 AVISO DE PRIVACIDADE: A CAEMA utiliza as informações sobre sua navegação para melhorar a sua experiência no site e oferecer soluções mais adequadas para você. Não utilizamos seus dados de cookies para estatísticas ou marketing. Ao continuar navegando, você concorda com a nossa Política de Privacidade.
* * *
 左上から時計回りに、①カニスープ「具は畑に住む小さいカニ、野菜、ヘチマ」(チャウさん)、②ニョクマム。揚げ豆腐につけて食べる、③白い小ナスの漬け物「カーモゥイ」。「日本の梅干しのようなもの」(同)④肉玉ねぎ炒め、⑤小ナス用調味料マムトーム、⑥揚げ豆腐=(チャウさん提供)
---
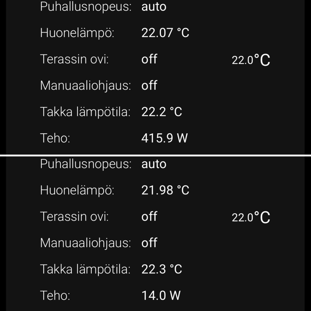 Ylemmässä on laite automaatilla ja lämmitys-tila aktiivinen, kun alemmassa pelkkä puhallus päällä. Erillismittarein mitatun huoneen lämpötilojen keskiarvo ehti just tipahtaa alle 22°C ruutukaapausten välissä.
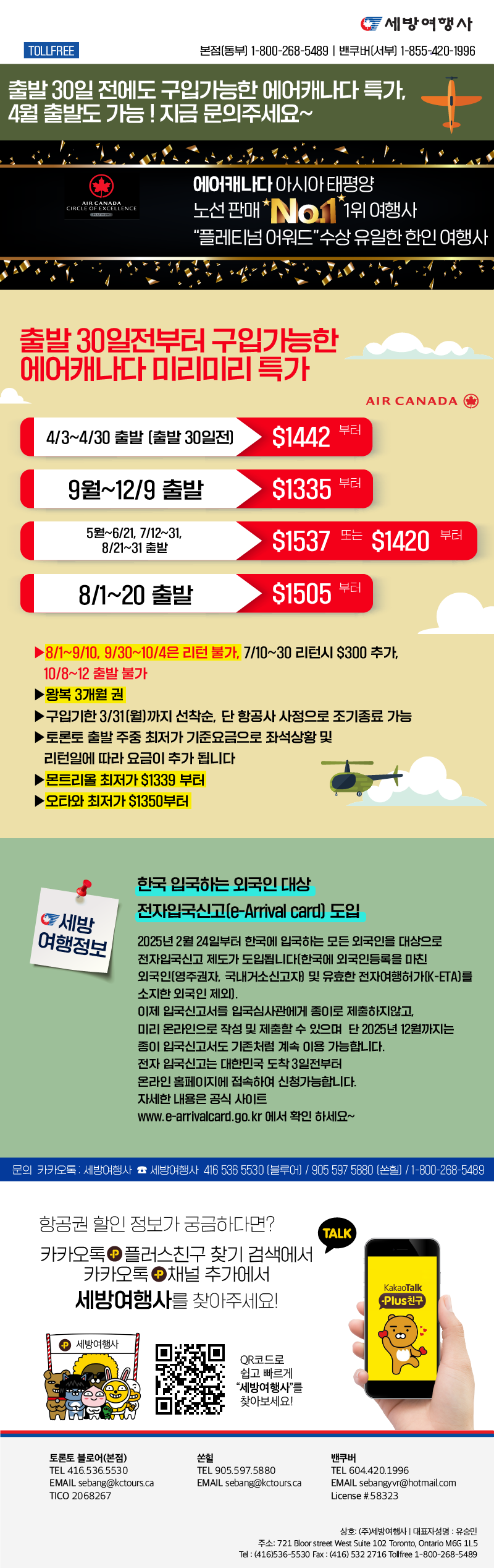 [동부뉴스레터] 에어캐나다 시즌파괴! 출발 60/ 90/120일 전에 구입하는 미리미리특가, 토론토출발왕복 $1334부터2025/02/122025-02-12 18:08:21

## ASSIGNMENT
Please return the material above only from the line that holds "Ylemmässä on laite" through the line that holds "[동부뉴스레터] 에어캐나다 시즌파괴!", exactly as it stands, ends included and pictures omitted.

## RESPONSE AREA
 Ylemmässä on laite automaatilla ja lämmitys-tila aktiivinen, kun alemmassa pelkkä puhallus päällä. Erillismittarein mitatun huoneen lämpötilojen keskiarvo ehti just tipahtaa alle 22°C ruutukaapausten välissä.
 [동부뉴스레터] 에어캐나다 시즌파괴! 출발 60/ 90/120일 전에 구입하는 미리미리특가, 토론토출발왕복 $1334부터2025/02/122025-02-12 18:08:21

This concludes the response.